I'm bullish on Teladoc Health. And I was bullish on Livongo Health. But one can be bullish on two companies as individual entities and still have doubts about their merger. What does Gorevic know about this new business he's about to be running? If he has to lay off some people over the next several months, will he favor the strangers who came with his new business, or the old hands he knows well?
Don't get me wrong, Teladoc Health is still a great investment. But the merger headaches and new management issues might slow down the Livongo side of the operation.
Why Ontrak might rise
This might be a case where a company with superior technology displaces a top dog and first mover. After all, Alphabet did that with Yahoo.
Suppose you work at a health insurance company and you are evaluating two competitors for a new contract. Livongo is the market leader in this new field of providing virtual coaching tips to people with diabetes and other chronic illnesses. Ontrak also provides virtual coaching tips to people with diabetes and other chronic illnesses. But Ontrak has an additional selling point -- it uses artificial intelligence to help you find the people who would benefit from this coaching.
While Livongo created this market, Ontrak's A.I. solution might give it a significant advantage.
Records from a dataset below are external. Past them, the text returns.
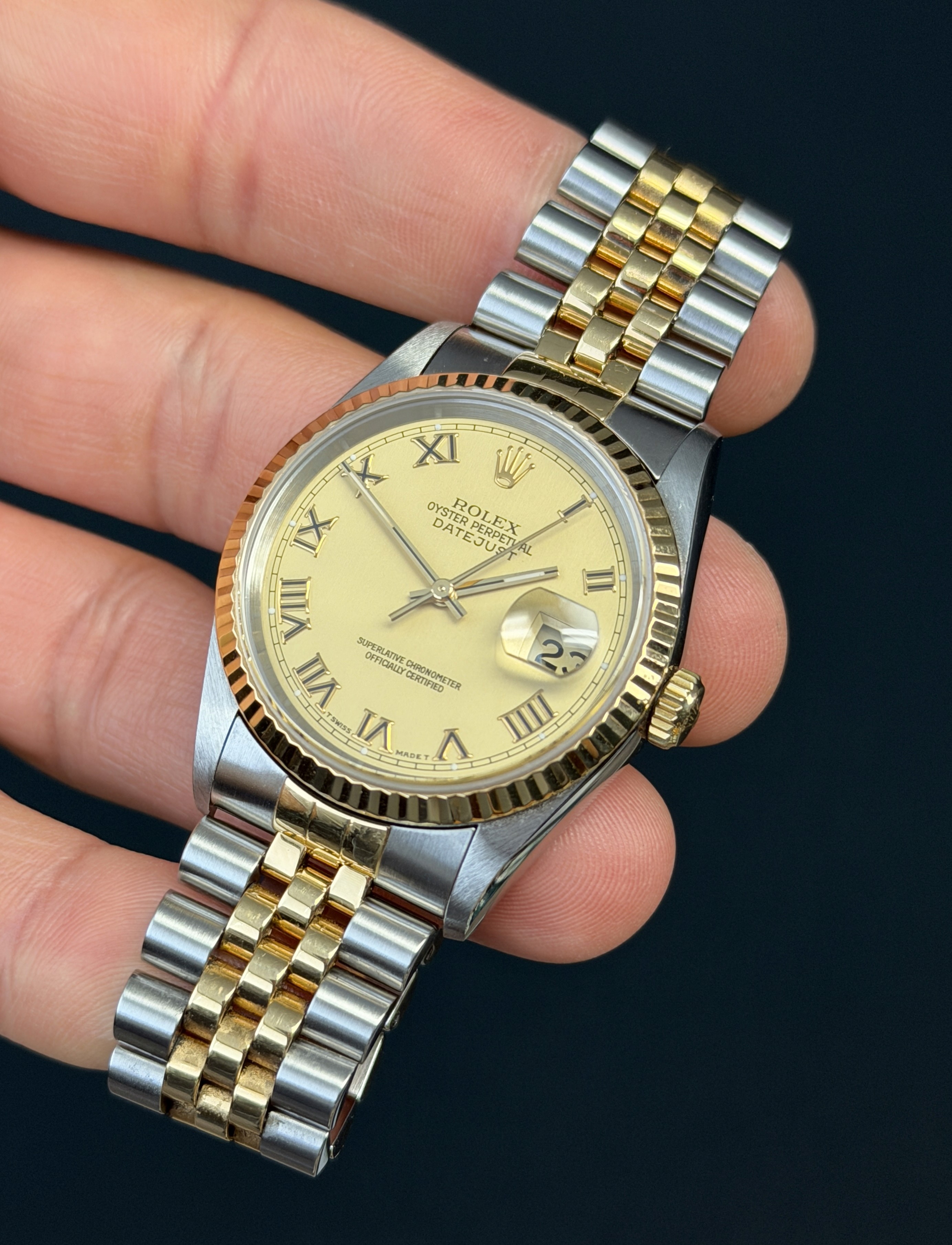 The Rolex Datejust Ref. 16233 is a timeless and elegant timepiece that epitomizes luxury and sophistication. This iconic wristwatch features a striking and rare champagne Roman Dial with black enamel on the hr markers, which adds a touch of opulence and refinement to its classic design. The dial is adorned with meticulously placed hour markers that glisten and catch the light, exuding a sense of prestige. Encased in a beautifully polished stainless steel and 18k yellow gold combination, the watch seamlessly combines durability and style. With its signature Cyclops date magnification window and self-winding movement, the Rolex Datejust Ref. 16233 is not only a symbol of horological excellence but also a statement of timeless elegance for those who appreciate the finer things in life.
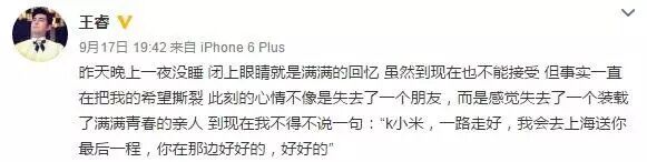 王睿:昨天晚上一夜没睡 闭上眼睛就是满满的回忆 虽然到现在也不能接受 但事实一直在把我的希望撕裂 此刻的心情不像是失去了一个朋友,而是感觉失去了一个装载了满满青春的亲人 到现在我不得不说一句:“k小米,一路走好,我会去上海送你最后一程,你在那边好好的,好好的”
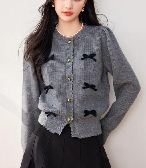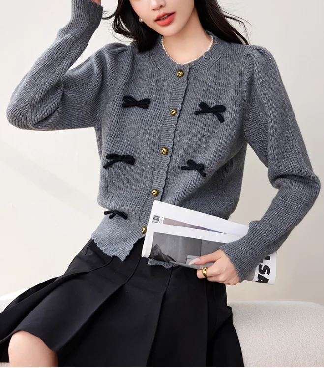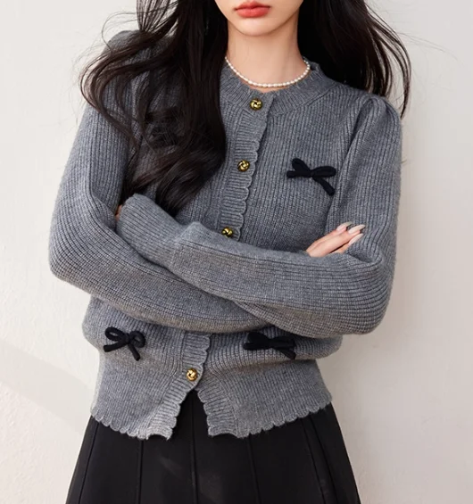 China V-times 2026 Autumn New Design French Style Gray Bow Knitted Cardigan for Women Loose Long Sleeve Top Solid Pattern Casual
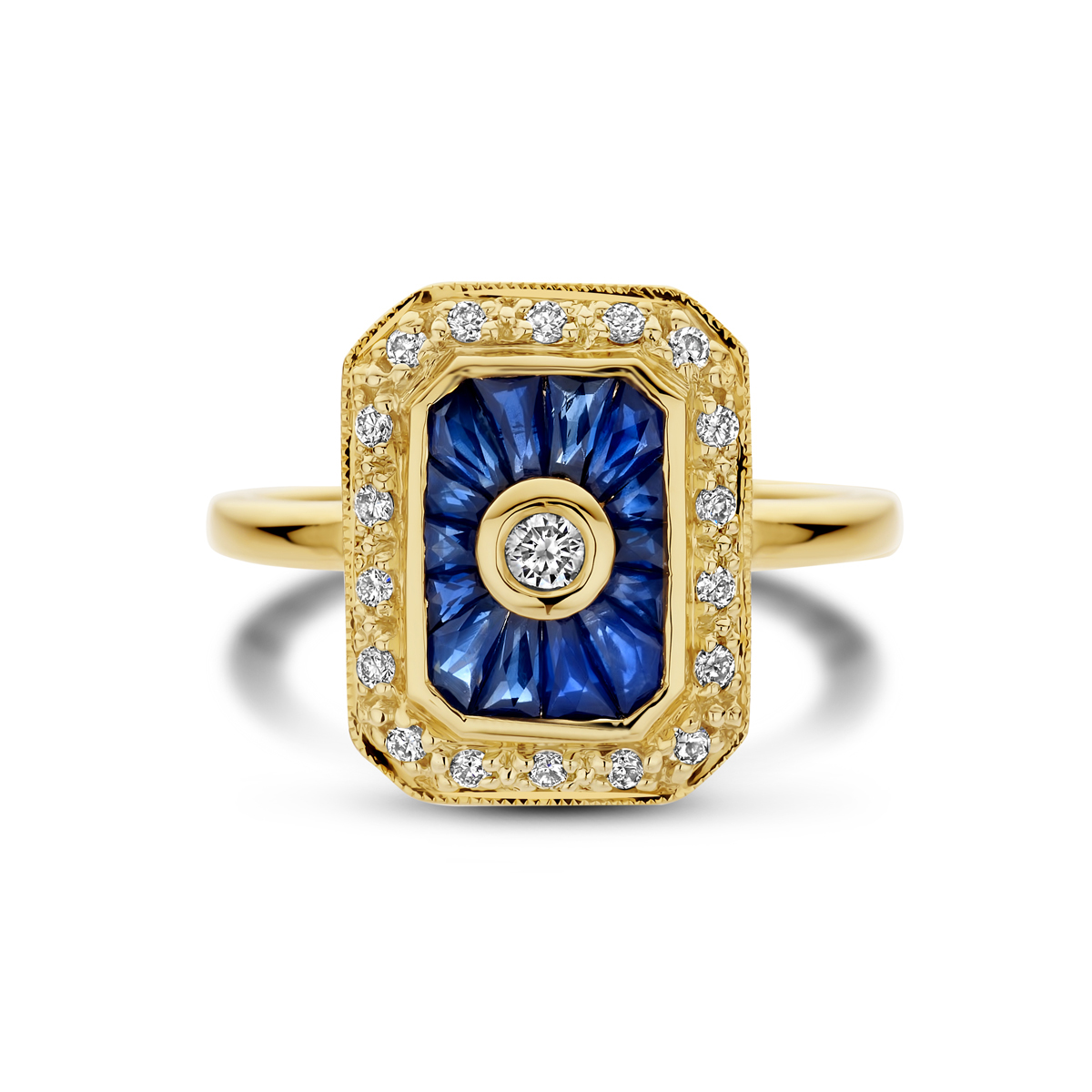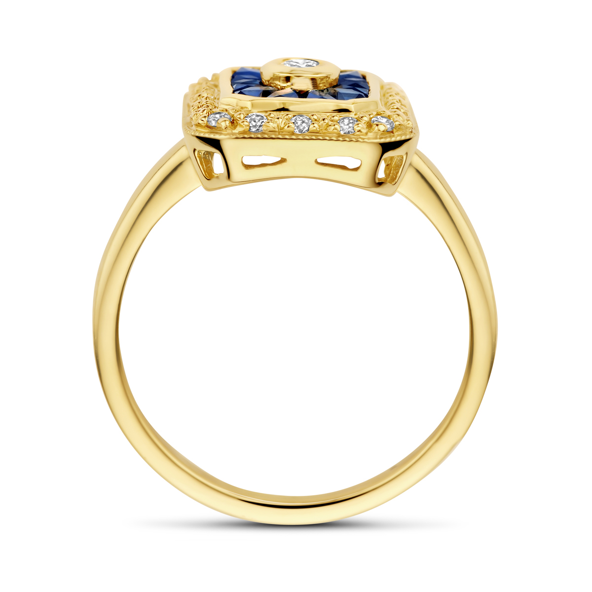 14k Geelgouden vintage ring uitgevoerd met saffier en diamant. De ring heeft een breedte van 14.5mm. Het diamantgewicht is 0.25ct.
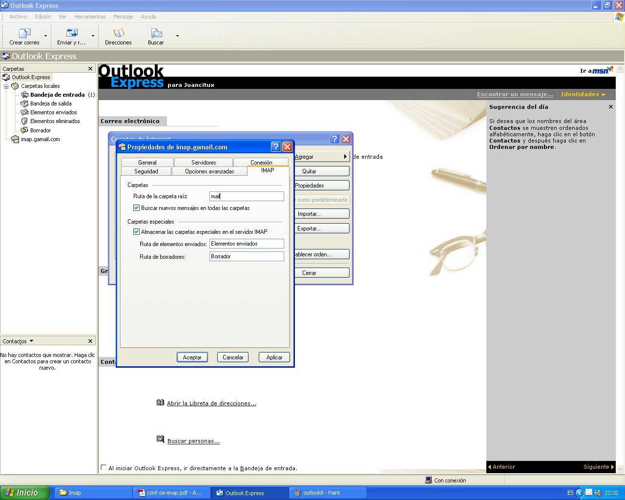 Como ya dije antes, la configuración va por parte del cliente (en este caso que estamos estudiando), por lo tanto, esta varía. Applemail, Outlook, thunderbird tienen distintas ventanas gráficas al configurar, sin embargo, los parámetros de IMAP deben ser los mismos:
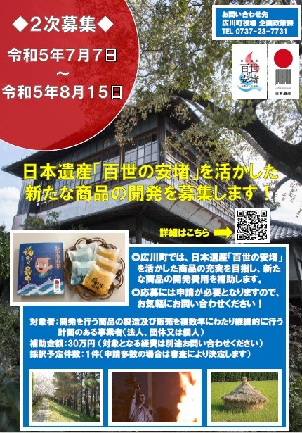 広川町では、日本遺産「百世の安堵」を活かした新たな商品開発に対して、下記のとおり補助事業を実施します。
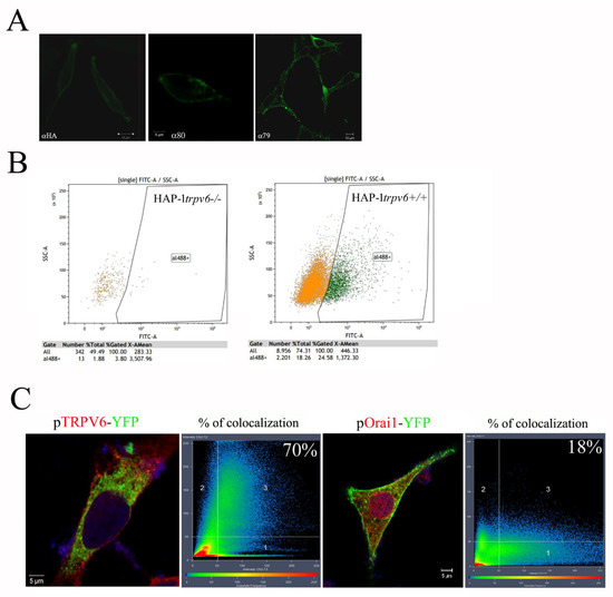 The additional experiment using FACS has been performed where cells were not permeabilized with Triton X-100. HAP-1trpv6−/− cell model has been used as compared to HAP-1trpv6+/+ cells (Figure 5B). HAP-1trpv6+/+ cells seem to contain 24.58% TRPV6 positive cells at the plasma membrane versus 3.8% in HAP-1trpv6−/−.
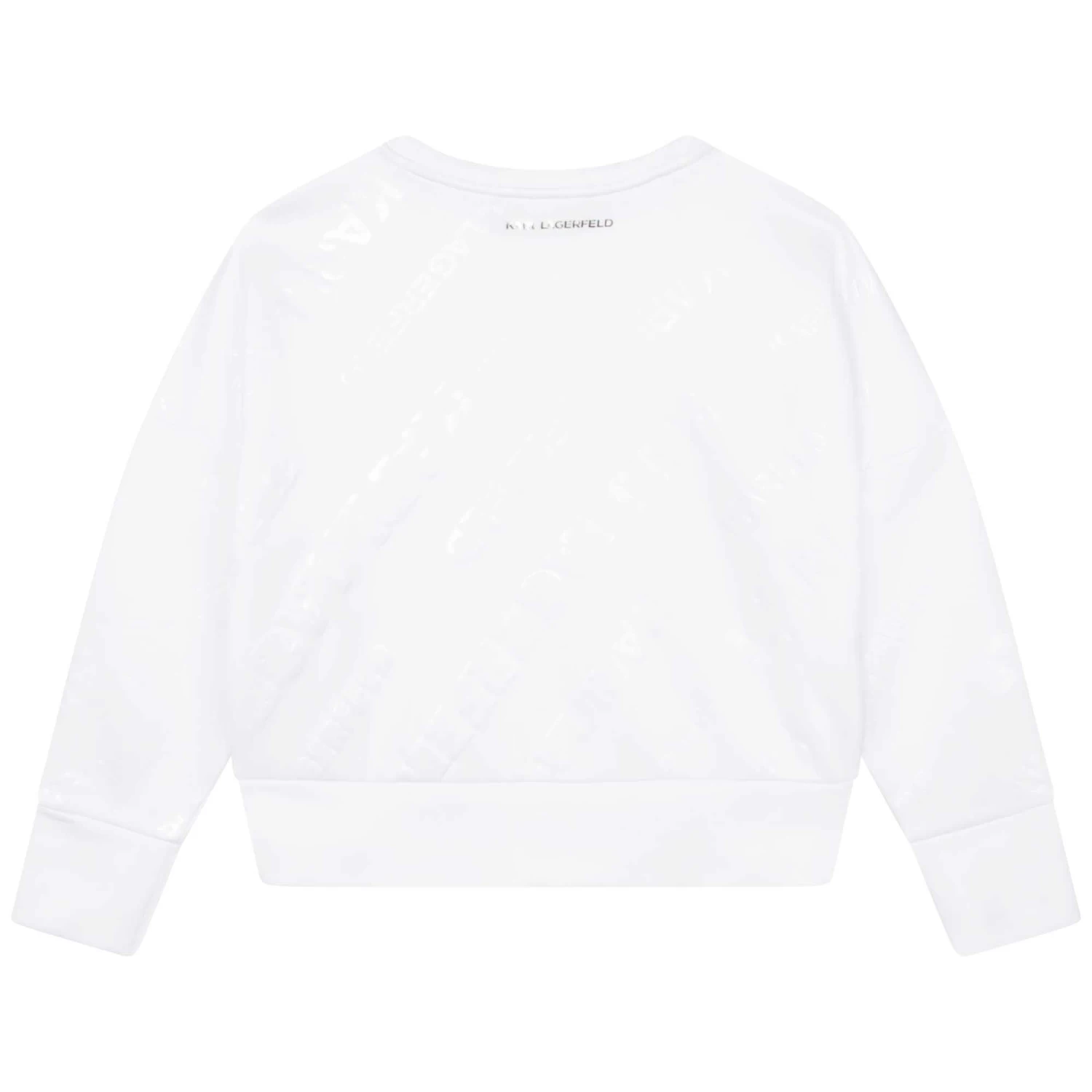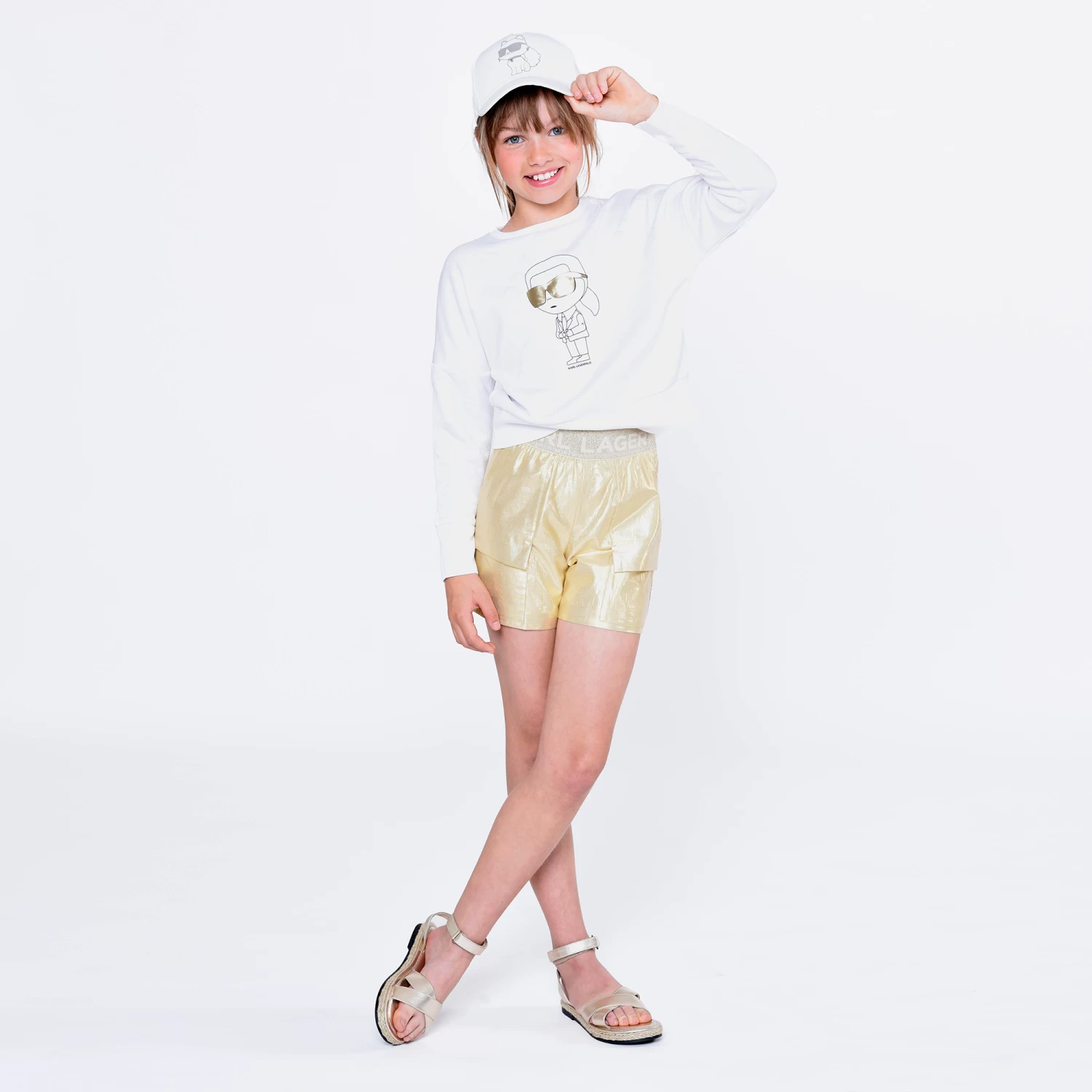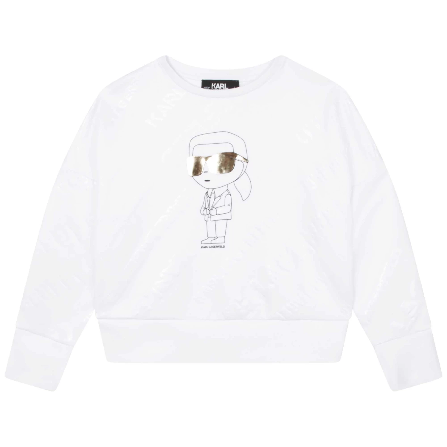 Ce sweat-shirt KARL LAGERFELD KIDS arbore une illustration Karl aux lunettes métallisées devant. L’ensemble de la surface est égayé par le logo KARL LAGERFELD en ton sur ton irisé. Le dessous du col, au dos, affiche le sigle KARL LAGERFELD.
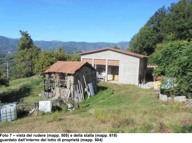 Lotto 1 posto a monte di Via Madonna delle Vigne composto da un terreno (particella 504 di qualità seminativo arborato) dove è posizionata una stalla (particella 618 categoria catastale C/6) e un rudere (particella 505 considerabile fabbricato diruto).
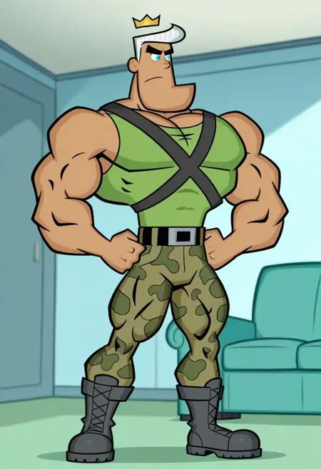 jorgen: 1boy, jorgenvs, blue eyes, thick eyebrows, white hair, short hair, muscular, crown, green tank top, camouflage pants, boots, belt, posing, friendly
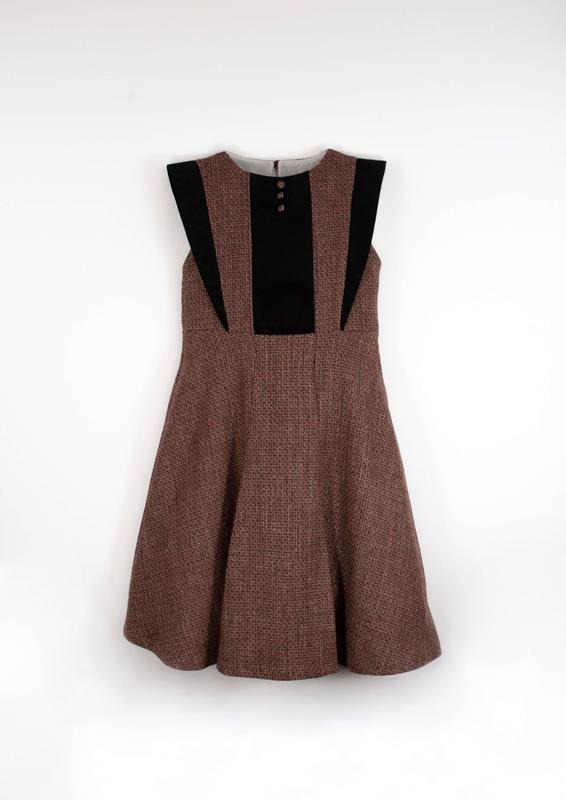Dress with gusseted skirt and cutaway sleeve with layer feature on the shoulders. Rear opening with covered buttons and side zip. Exclusive top-quality wool manufactured in Spain. 100% organic cotton lining.
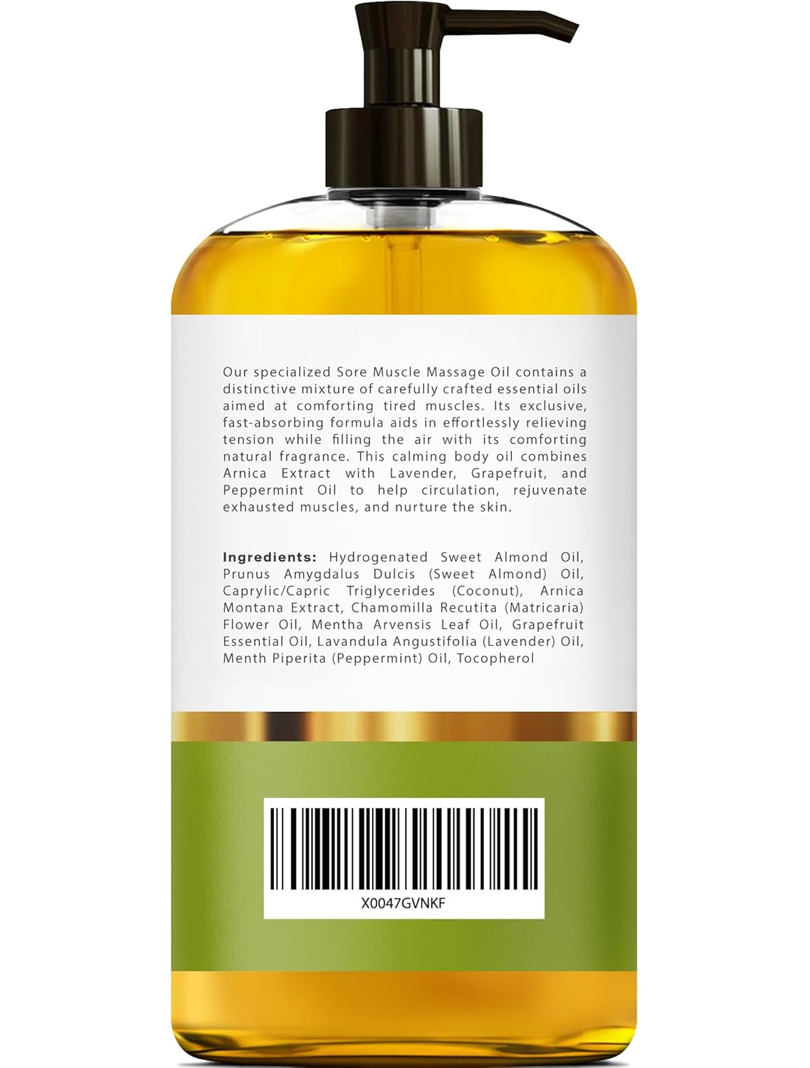 - SORE MUSCLE MASSAGE OIL FOR MASSAGE THERAPY – Our 100% Natural formula, expertly crafted to help alleviate tired, aching muscles. With its easy absorption and natural aroma, this oil helps eases tension while leaving your skin feeling deeply nourished and moisturized.

Indeed, Ontrak was originally known as Catasys, because its focus was on the technology side. It only recently changed its name to Ontrak, which previously was only the name of its coaching service. In effect, Ontrak has married its A.I. solution with Livongo's business plan, and it's is seeing terrific success with it.
I failed to buy shares of Teladoc, and Livongo, back when they were small companies. Last week, I went ahead and opened a small position in Ontrak. I'd encourage interested healthcare investors to do the same.